When flowing more than 50 GPM or when not pressurized, the valve arm, and valve disc, opens freely, with manual lifting of the weighted arm. When only pressurized (90 PSI) and not flowing, lifting the arm becomes very difficult, initially. A coworker suggests, and I agree, that the 90 PSI is acting on different upstream and downstream areas. That is, the upstream pressurized area (tending to open the valve) is the inside diameter of the seat opening, while the downstream pressure is acting on the area of the opening plus the seating area of the resilient seat. This makes the upstream area, D=8” while the downstream area is D=8 1/8” or 8 1/4 “. The difference in area is 1.9 to 3.2 square inches and the difference in force is, at 90 PSI, 171 to 280 pounds. Does this seem reasonable?
Thanks
Steve

RE: Could this be?

Yes, but the 1.7 psi differential x the upstream area would also seem to answer the how much force is required and that is much less than the 171 lbs.

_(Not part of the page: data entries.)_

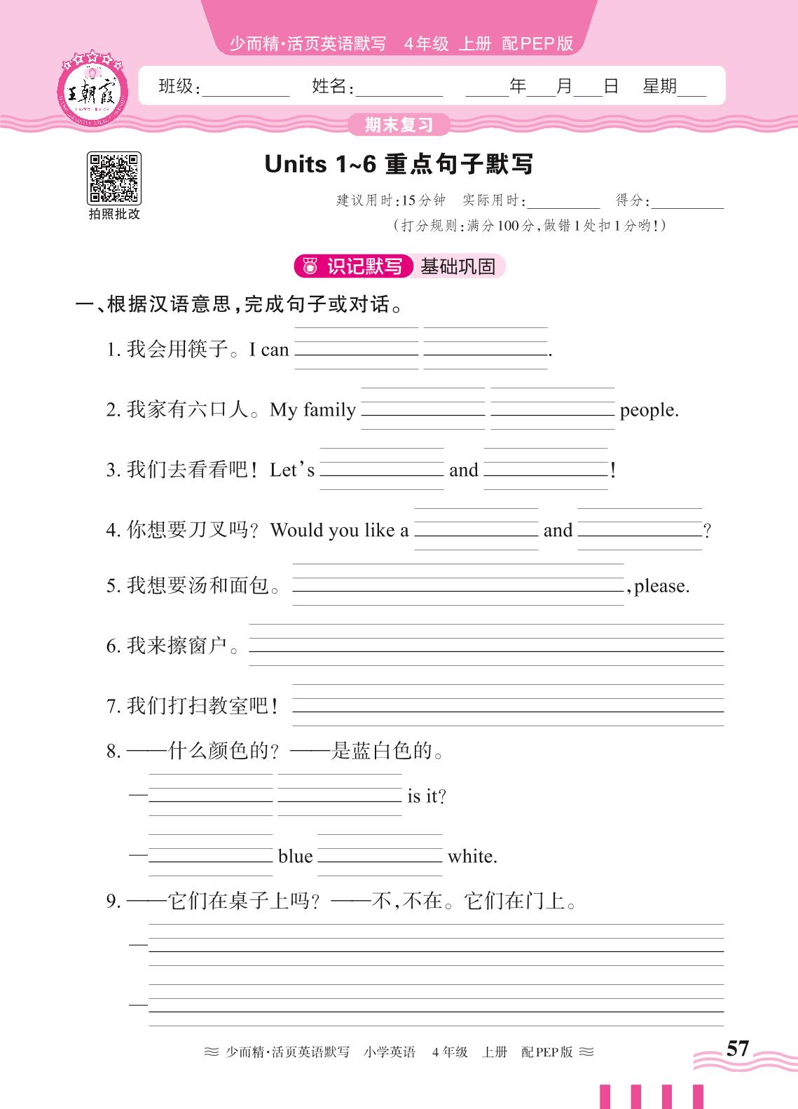 2024秋上册四年级英语人教PEP版(三起始) 期末复习—Units 1~6 重点句子默写
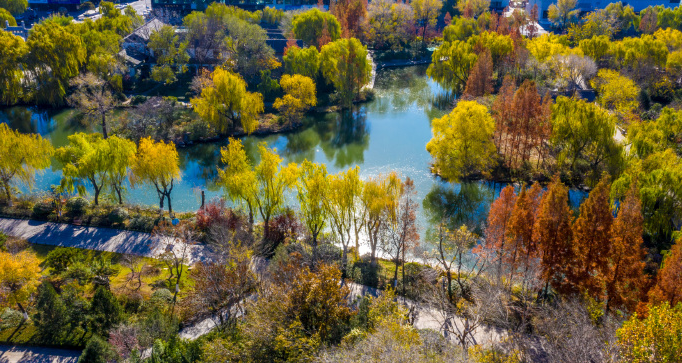 一起去打卡大明湖,登高望遠,感受濟南冬日里的爛漫與情懷。此時(shí),大明湖景區內還是秋色濃郁,秋葉絢爛、秋果累累,偶有秋花點(diǎn)綴,為游客奉上藍天彩葉凈水的美麗景色。
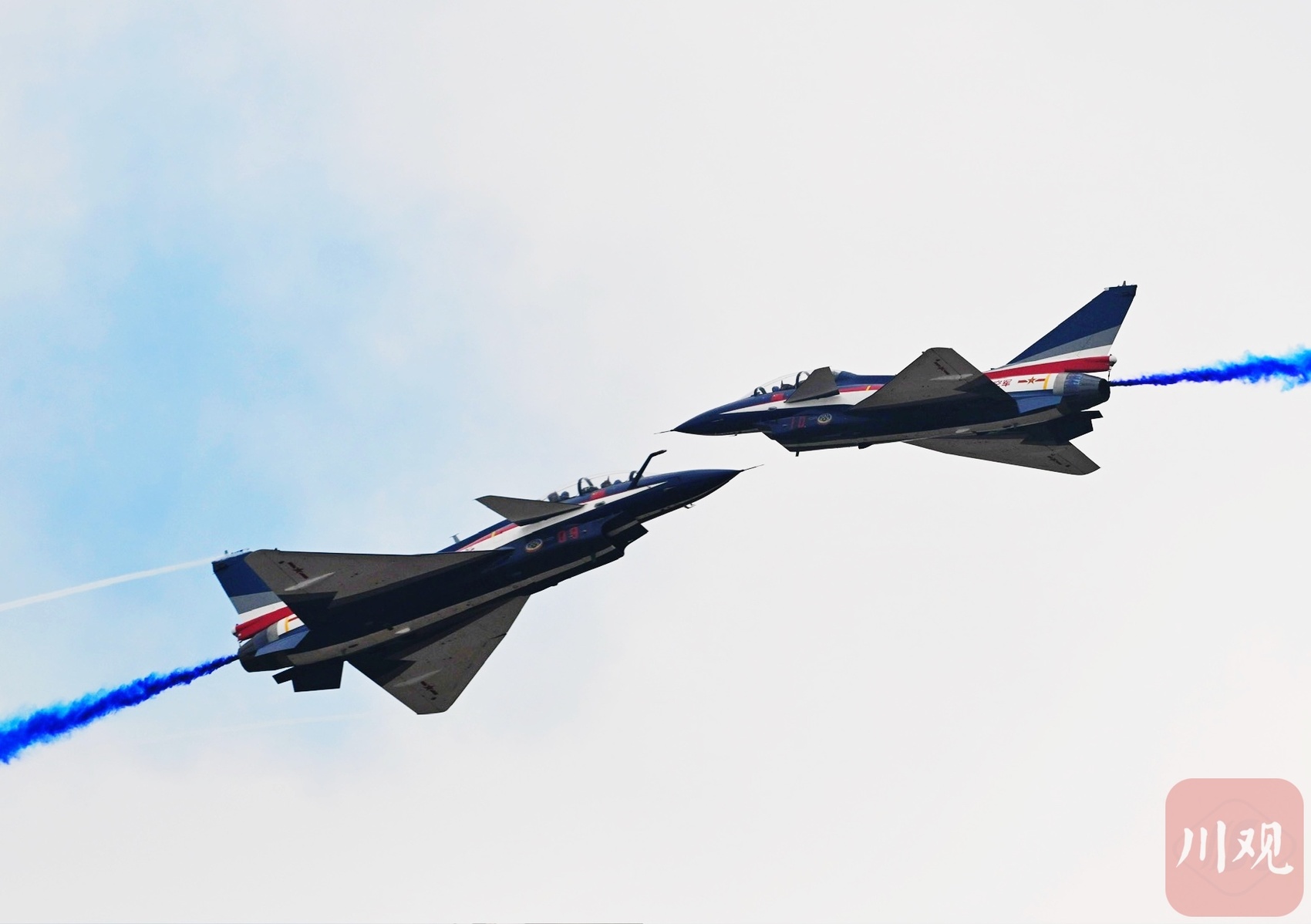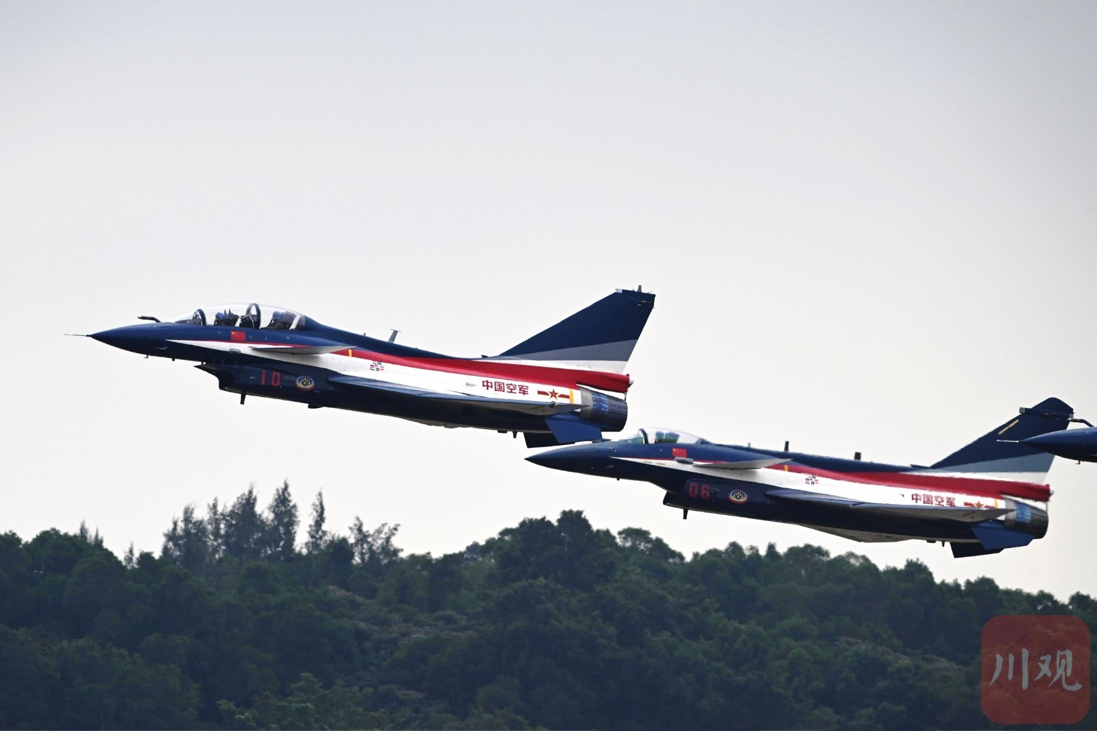 中国空军“八一”飞行表演队组建于1962年,时称“空军护航表演大队”。1987年8月1日,正式启用“中国人民解放军空军八一飞行表演队”番号。此次是中国空军“八一”飞行表演队的第十一次中国航展之旅,也是换装歼-10C战机后首次亮相中国航展。现场,“八一”飞行表演队上演了六机菱形编队俯冲、对冲、双机绕轴滚转等特技动作。

"People will work for you with blood and sweat and tears if they work for what they believe in......" - Simon Sinek

RE: Could this be?

The 1.7 psi fits very well with the expected pressure drop for a flow of 50 GPM through the bypass. If the data at 90 psi is an arbitrary point then there is no necessary link to the opening force required for the valve at normal operating conditions. The 1.7 psi on the upstream area inside the seat is only about 85 pounds, suggesting that your normal operating pressure is about 45 psi. If the normal operating pressure is 90 psi then I agree with BigInch that there seems to be a bit of an anomaly. It all boils down to a question of what your normal operating pressure is.

Katmar Software - Uconeer 3.0
http://katmarsoftware.com

"An undefined problem has an infinite number of solutions"

RE: Could this be?

And if you have a pressure gauge on both sides of the valve. When it is closed, pressure on one side is probably not the same as on the other.

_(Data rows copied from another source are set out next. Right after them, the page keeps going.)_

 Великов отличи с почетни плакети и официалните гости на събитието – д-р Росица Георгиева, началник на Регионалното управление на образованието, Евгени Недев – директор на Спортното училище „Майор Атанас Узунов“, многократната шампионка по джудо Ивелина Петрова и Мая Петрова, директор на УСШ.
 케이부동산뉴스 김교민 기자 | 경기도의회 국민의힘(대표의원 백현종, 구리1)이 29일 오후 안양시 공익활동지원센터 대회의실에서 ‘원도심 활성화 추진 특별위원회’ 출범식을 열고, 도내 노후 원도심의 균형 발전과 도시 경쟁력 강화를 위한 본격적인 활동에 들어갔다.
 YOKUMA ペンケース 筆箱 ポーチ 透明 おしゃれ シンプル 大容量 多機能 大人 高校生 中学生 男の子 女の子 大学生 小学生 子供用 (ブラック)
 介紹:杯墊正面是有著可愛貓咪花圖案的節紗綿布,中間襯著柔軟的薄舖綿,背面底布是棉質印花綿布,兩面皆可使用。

"People will work for you with blood and sweat and tears if they work for what they believe in......" - Simon Sinek

RE: Could this be?

(OP)
Thanks all for your comments! I guess I did not describe the situation so well. The whole system seems to work well. First, the nominal pressure is 90 PSIG. The upstream and downstream sides of the swing valve are connected with 18-feet of 2-inch pipe. I cannot see, at zero flow, how a differential water pressure can exist. I can verify zero flow by use of the flow meter in the 2-inch. The problem is that the Operator tries to lift the arm, and weight, and encounters a “hard spot” where the lifting of the arm is almost impossible. He interprets this as a valve problem. Says something is stuck in the valve. We have torn apart the valve many times and found nothing. During reassembly the valve opens manually very easily. After reassembly the valve manually opens very easily. After pressurizing, the valve is very hard to manually operate. When any significant flow exists, the valve opens automatically as expected.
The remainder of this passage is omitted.